Initialize Patroni Cascade Clusters

11 - Start the Patroni service on the Cascade Clusters primary nodes:

You can start Patroni on these nodes 30 seconds after the secondaries from the source cluster. You do not need to wait for the secondaries 01 to be started completely. Wait 30 seconds between hosts.

  • patroni-main-pg12-2004-01
  • patroni-ci-pg12-1604-01
  • patroni-ci-pg12-2004-01

sudo systemctl start patroni.

12 - Check the leader assumed: sudo gitlab-patronictl list Output:

mchacon@patroni-main-pg12-2004-01-db-db-benchmarking.c.gitlab-db-benchmarking.internal:/var/log/gitlab$ sudo gitlab-patronictl list
+--------------------------------------------------------------------------------+---------------+----------------+---------+----+-----------+
| Member | Host | Role | State | TL | Lag in MB |
+ Cluster: db-benchmarking-patroni-main-pg12-2004 (6959847276950353765) ---------+---------------+----------------+---------+----+-----------+
| patroni-main-pg12-2004-01-db-db-benchmarking.c.gitlab-db-benchmarking.internal | 10.255.16.101 | Standby Leader | running | 6 | |
+--------------------------------------------------------------------------------+---------------+----------------+---------+----+-----------+

13 - Start the Patroni service on the Cascade Cluster secondary nodes:

  • patroni-main-pg12-2004-02
  • patroni-ci-pg12-1604-02
  • patroni-ci-pg12-2004-02

14 - Start the Patroni service on the standby clusters secondaries:

You can start these host 30 seconds after the primaries from the standby clusters. You do not need to wait for the standby clusters 01 nodes to be started completely.
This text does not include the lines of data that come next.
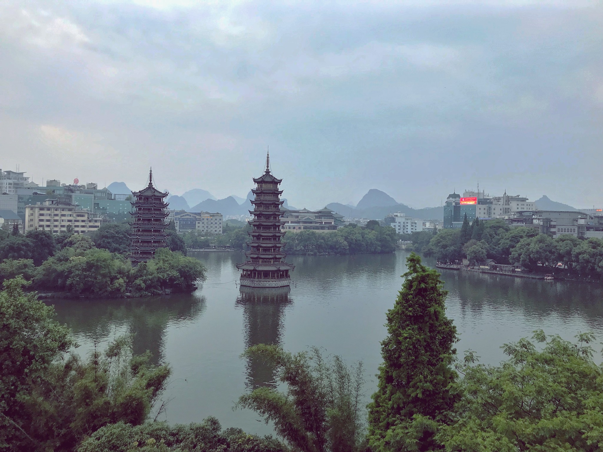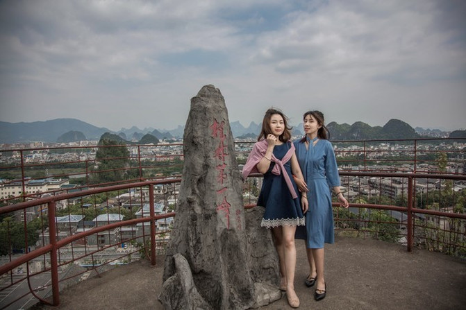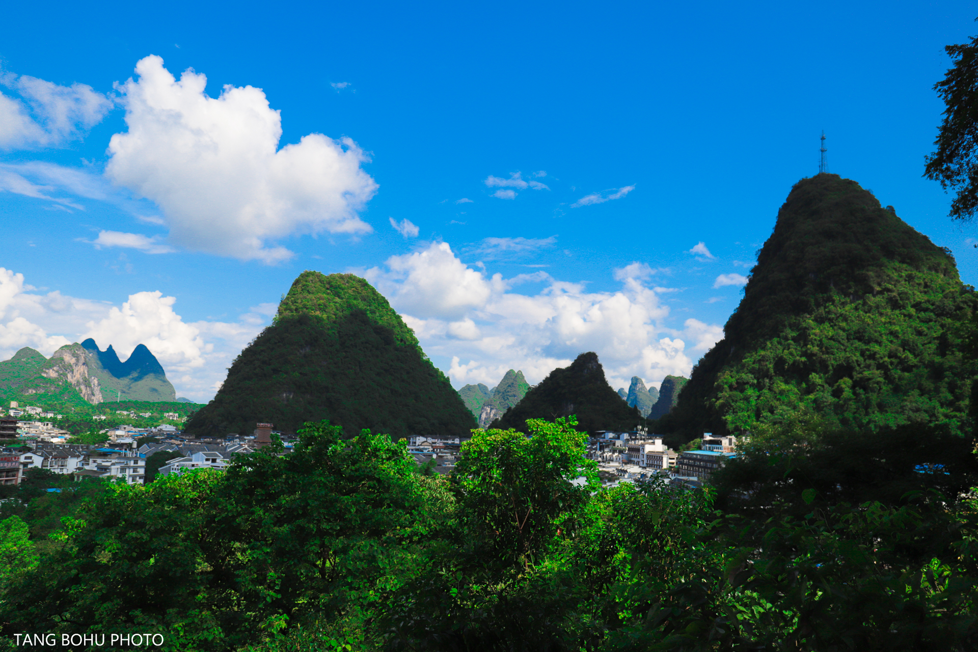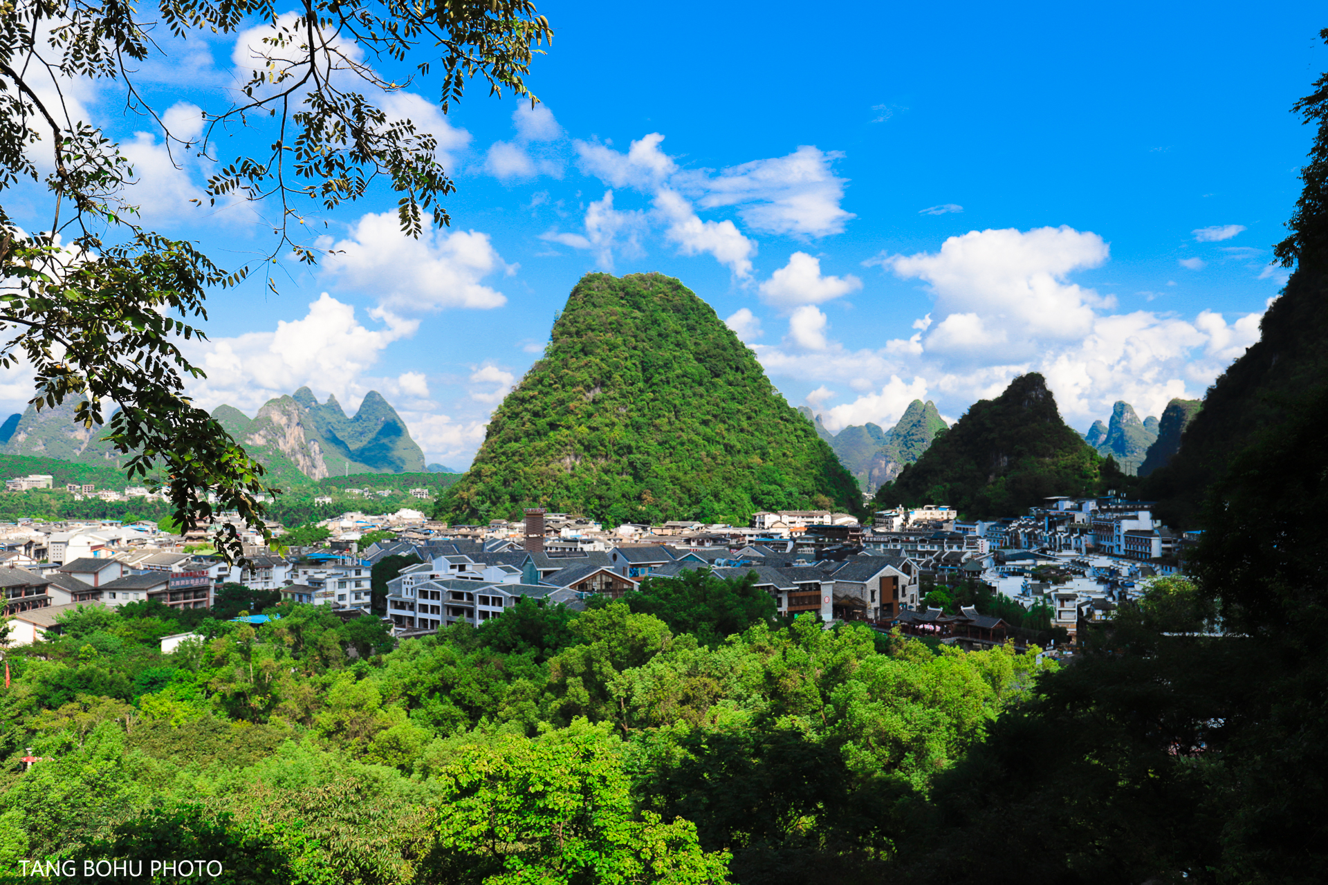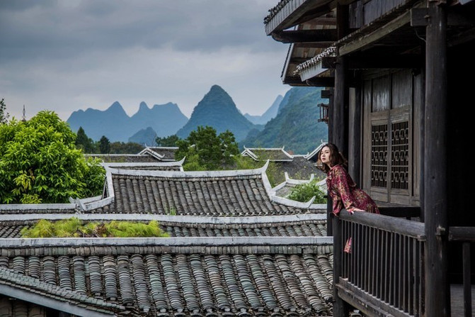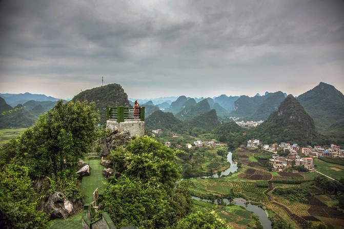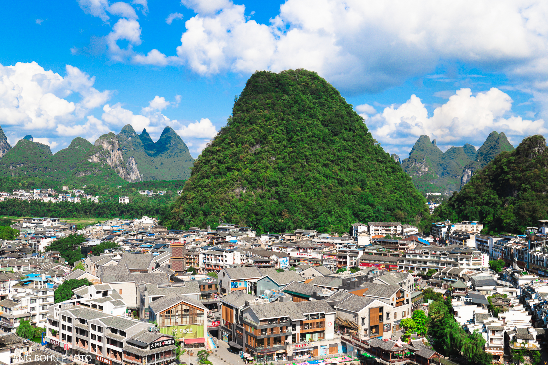 在往上爬最后一亭子叫卧云亭,这里就是整座山的最高点了,从亭子的一个门走出去又像是阳台一样的,视野更加开阔,整个 小城景色尽收眼底, 西街 ,民楼处处都能看到。云朵很低仿佛伸手就能摘到云朵一样。 山水是 中国 山水的代表,典型的喀斯特地形构成了别具一格的 山水,人在空中俯瞰 就你是在一幅彩色的油画中,处处皆色景呀。我们也经常听过“ 山水甲天下, 风光甲 ”说的就是 山水的代表其实都是在 这里。今日终于让我目睹了这一幅美丽的山水画。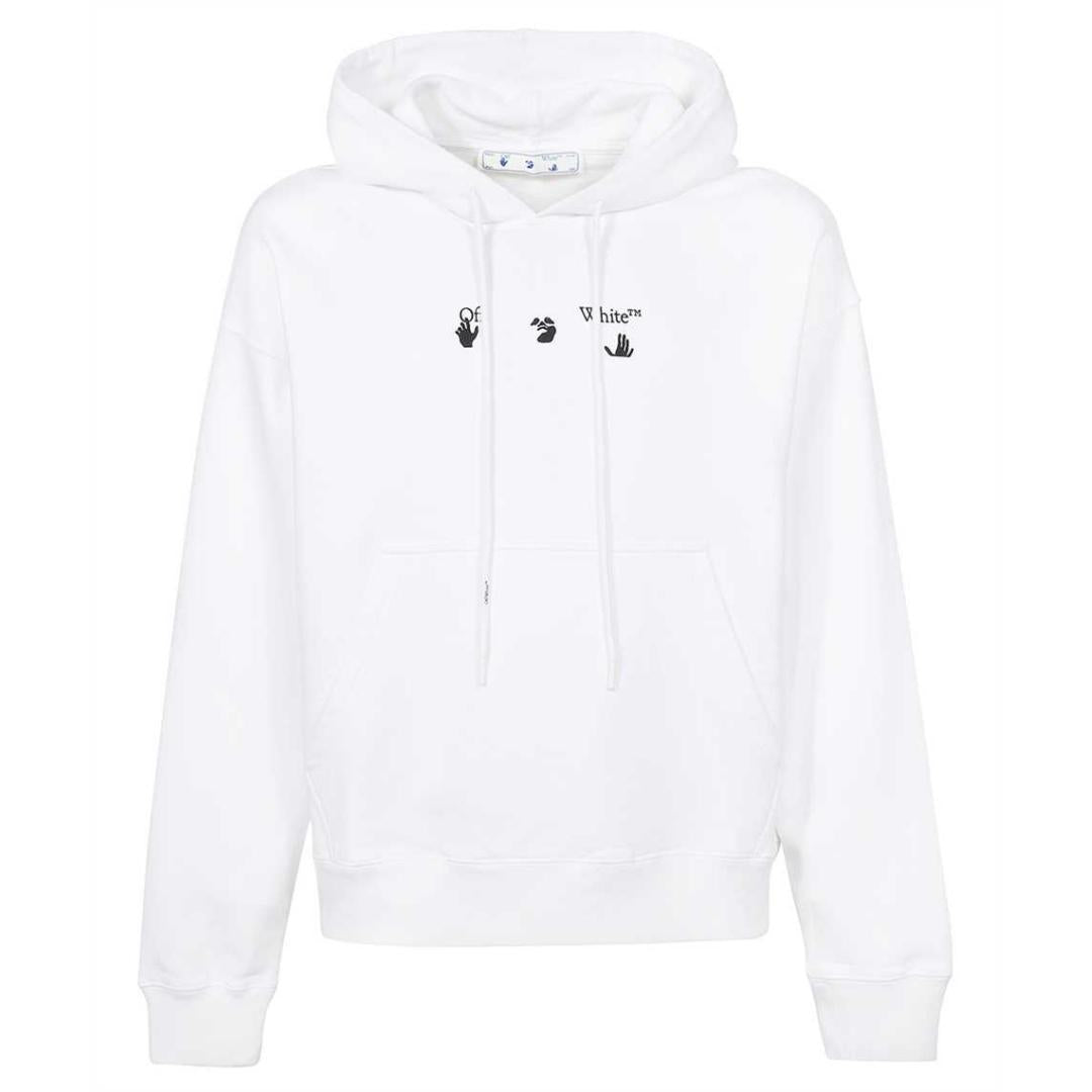 Off-White Marker Stencil Logo White Hoodie. Off-White Marker Stencil Logo White Hoodie Sweater. Off-White Branding On The Centre Chest. Large Stencil Style Marker Cross Logo On Back. Drawstring Adjustable Hood, Large Front Kangaroo Pocket. OMBB085F21FLE0170110, 100% Cotton, Made In Portugal
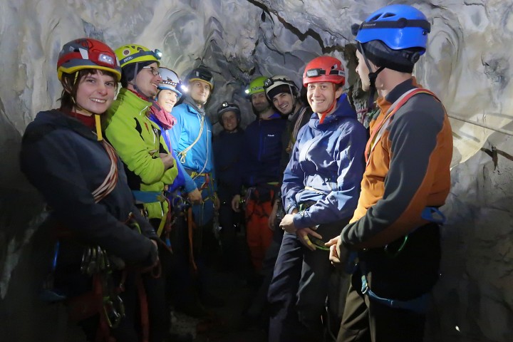 Vrcholu jsme dosáhli celkem čtyřmi směry a šťastně se setkali před společným slaněním uvnitř vápencového masivu za společnosti jeskynní fauny. Pro některé to byl také první kontakt s technickým lezením, což bylo celkem znát :)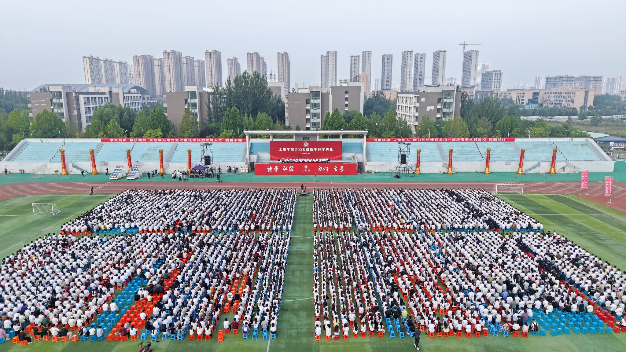 莘莘学子,风华正茂。9月15日上午,太原学院2025级新生开学典礼隆重举行,4700余名新生齐聚汾东校区体育场,共同开启新的征程。校党委书记郝勇东,党委副书记、校长蔡江辉等全体校领导出席典礼。各职能部门负责人、各院系党政班子成员,新生辅导员、教师代表、杰出校友代表及新生家长代表参加典礼。典礼同步在网络进行直播。典礼由校党委副书记陈显久主持。

  • patroni-main-pg12-2004-02
  • patroni-ci-pg12-1604-02
  • patroni-ci-pg12-2004-02

systemctl start patroni.

15 - Check the leader assumed: gitlab-patronictl list

Output:

mchacon@patroni-main-pg12-2004-01-db-db-benchmarking.c.gitlab-db-benchmarking.internal:~$ sudo gitlab-patronictl list
+--------------------------------------------------------------------------------+---------------+----------------+---------+----+-----------+
| Member | Host | Role | State | TL | Lag in MB |
+ Cluster: db-benchmarking-patroni-main-pg12-2004 (6959847276950353765) ---------+---------------+----------------+---------+----+-----------+
| patroni-main-pg12-2004-01-db-db-benchmarking.c.gitlab-db-benchmarking.internal | 10.255.16.101 | Standby Leader | running | 6 | |
| patroni-main-pg12-2004-02-db-db-benchmarking.c.gitlab-db-benchmarking.internal | 10.255.16.102 | Replica | running | 6 | 0 |
+--------------------------------------------------------------------------------+---------------+----------------+---------+----+-----------+

16 - Check and wait until the standby clusters are completely online : watch -n 2 sudo gitlab-patronictl list

Output:

mchacon@patroni-main-pg12-2004-01-db-db-benchmarking.c.gitlab-db-benchmarking.internal:~$ sudo gitlab-patronictl list
+--------------------------------------------------------------------------------+---------------+----------------+---------+----+-----------+
| Member | Host | Role | State | TL | Lag in MB |
+ Cluster: db-benchmarking-patroni-main-pg12-2004 (6959847276950353765) ---------+---------------+----------------+---------+----+-----------+
| patroni-main-pg12-2004-01-db-db-benchmarking.c.gitlab-db-benchmarking.internal | 10.255.16.101 | Standby Leader | running | 6 | |
| patroni-main-pg12-2004-02-db-db-benchmarking.c.gitlab-db-benchmarking.internal | 10.255.16.102 | Replica | running | 6 | 0 |
+--------------------------------------------------------------------------------+---------------+----------------+---------+----+-----------+